COVID-19 creates cancer care backlogs that could take years for Nova Scotia to resolve
Medical director of N.S. cancer care says delays can lead to more aggressive illness
The senior medical director of Nova Scotia's cancer care program says it will be several years before backlogs in the system related to COVID-19 can be addressed, and even then, there will be long-term implications for patients.
"I don't think we can look at this as reaching a peak and then quickly things will get back to normal," Dr. Helmut Hollenhorst said in an interview Monday.
"Even if COVID suddenly disappears tomorrow, it will take years to catch up with the backlog and to rebuild the system."
Hollenhorst said the pandemic has only exacerbated a problem that already existed, and it is one that's common among cancer programs in the country: insufficient resources.
Spikes in COVID-19 cases in the last two years have resulted in periods where various treatments, procedures and clinics were either outright cancelled or scaled back in Nova Scotia. Cancer care has been no different, although urgent surgeries went ahead whenever possible.
Surgeries postponed when beds not available
But during the Omicron wave of COVID-19, which has seen record highs of people hospitalized in the province either with or because of the disease, Hollenhorst said there have been complications for cancer patients awaiting surgery.
"Patients having big surgeries would require ICU beds, and if these beds are not available, the surgery cannot go ahead and the treatment will be cancelled and the patient would be rebooked as soon as possible," he said.
The situation has been further challenged by staff availability. Hollenhorst said during the fourth wave, staffing levels in the cancer program have been down by as much as 25 per cent due to a combination of people being required to isolate and others being redeployed within the system to areas such as emergency departments, COVID-19 units and long-term care.
The system has also lost a lot of experienced, sub-specialized health-care workers to retirement and burnout, said Hollenhorst. While the bodies can be replaced, it takes time to replace the lost experience and expertise.
"All of us, we are in cancer care because we want to help patients and we want to provide care, and we continue to do this. But our resources and our systems are very strained and our heath-care professionals are tired," he said.
'COVID will cost lives'
One of the biggest challenges throughout the pandemic for cancer patients has been timely access to testing, such as biopsies, screening and diagnostic imaging.
In some instances, Hollenhorst said people have also put off visiting the doctor or hospital out of fear of encountering COVID-19, leading to the late detection of cancers that otherwise might have been caught in the early stages.
Ongoing national modelling paints a concerning picture.
"The impact of COVID will cost lives," said Hollenhorst.
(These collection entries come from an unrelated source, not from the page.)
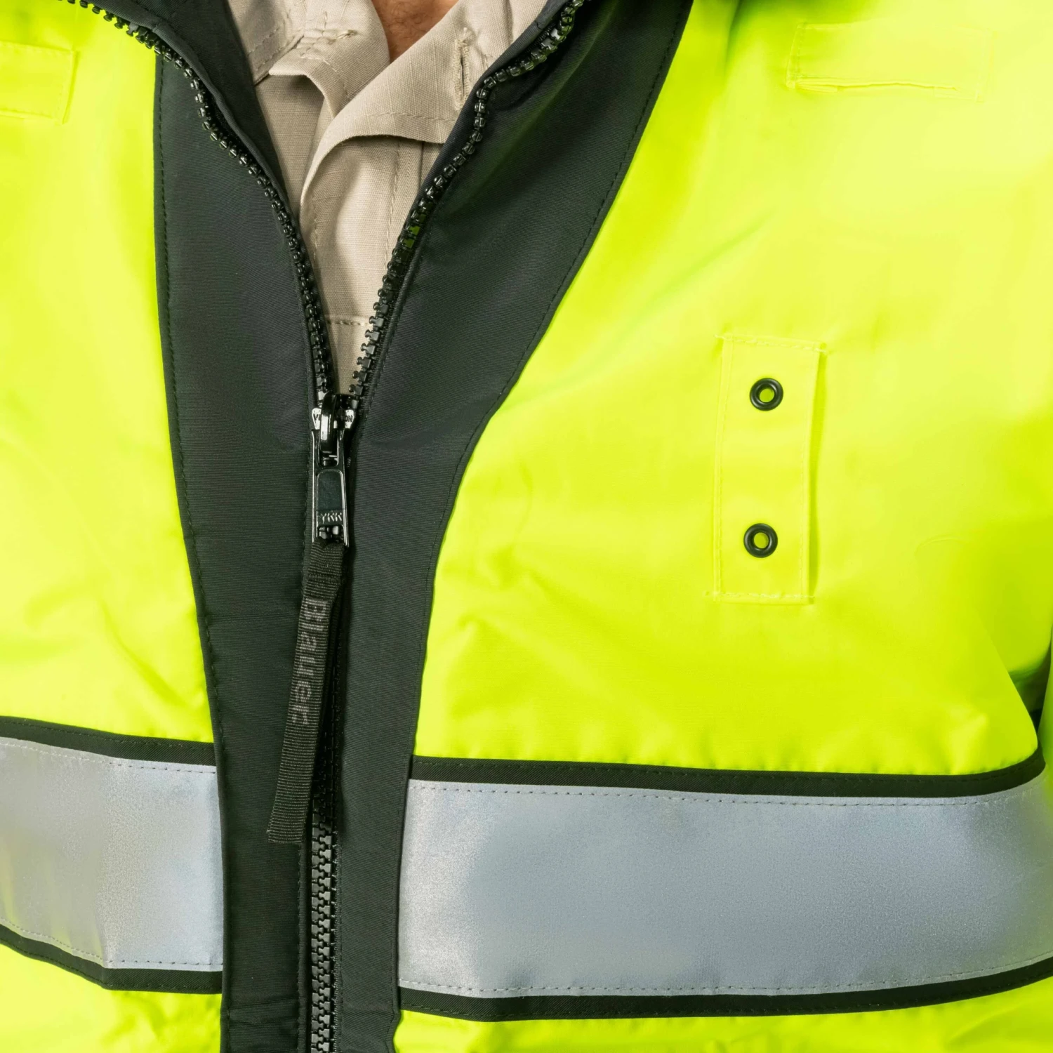 - 2″ SCOTCHLITETM band around chest and sleeves on hi-vis side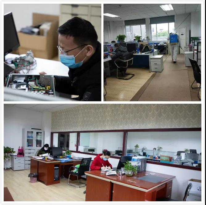 5)辦公室調(diào)整: 辦公區(qū)域重新調(diào)整了工位,確保工作間隔一米以上。 消毒組每日多次對(duì)辦公區(qū)域和公共區(qū)域進(jìn)行全方位、無(wú)死角消毒,及時(shí)開窗通風(fēng)保證空氣流通。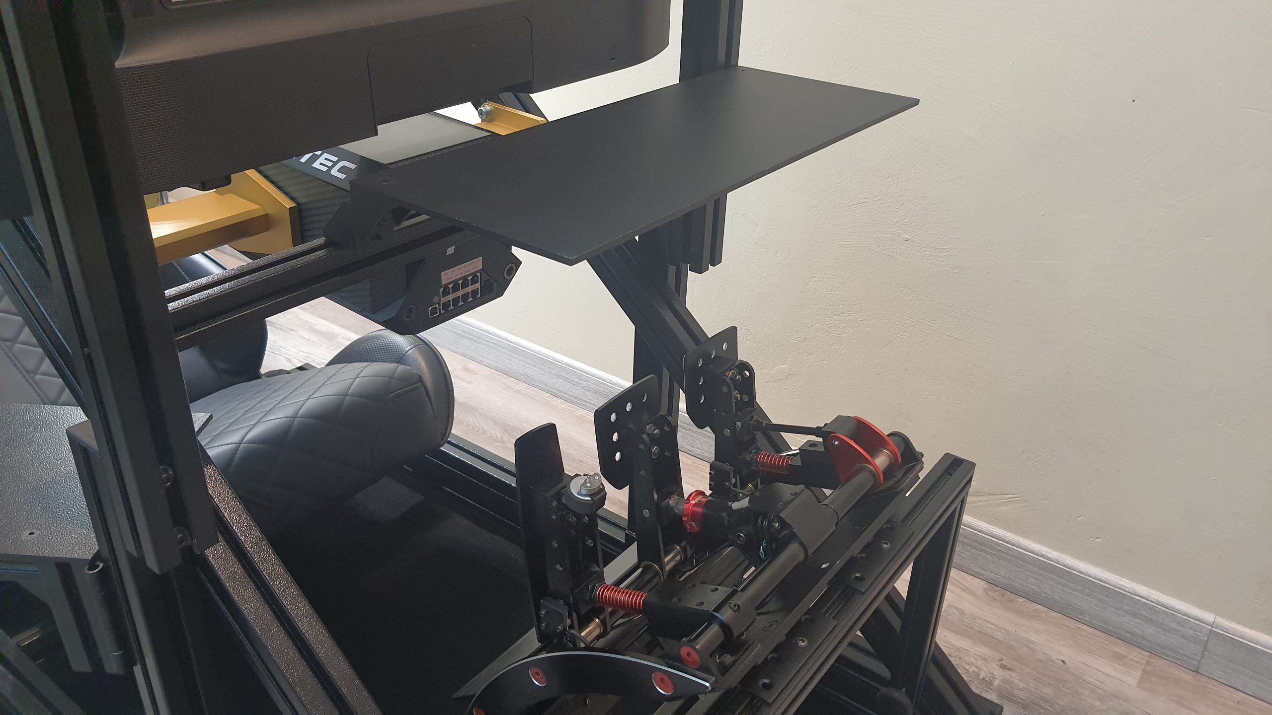 No need to have your PC or Console on a separate table – or worse, on the ground next to your cockpit.

Reducing the potential impacts will require increasing scope of service and accessibility, and that requires resources. Aside from bringing more workers into the system, it also means ensuring people are working to full scope of practice.
New ways of doing things
Like other areas of health care, Hollenhorst said cancer care has benefited from being forced to find different ways to work during the pandemic.
Telephone and virtual appointments, when appropriate, can save patients hours of driving to get to a doctor. Some treatment protocols have also been modified in keeping with evidence and research. Some radiation treatment, for example, is being done in shorter courses, but at higher doses using high-precision imaging and other technology.
The approach, which was only beginning to emerge before the pandemic, means patients getting treatment delivered in shorter time periods, being away from home for less time, and reducing the amount of time they're exposed to radiation, said Hollenhorst.
Another change is having primary care providers handle radiation oncology followups for patients when their treatment is complete. Hollenhorst said emerging research shows the outcomes are just as good and it frees up more specialized staff to do other things.
'We need to act'
For example, specialized nurses are running a supportive care unit that helps patients in active treatment to identify any problems and help mitigate them.
"As a result of that, the admission rates in hospital and the visits to the emergency department have significantly gone down," said Hollenhorst.
It also means less suffering for patients and an easier time going through the system, he said.
For all the bright spots, though, concerns abound. Cancer doesn't wait and any kind of delay in diagnosis and treatment is not good, said Hollenhorst.
"We need to act," he said, "and we need to act now if we want to have better outcomes for our cancer patients."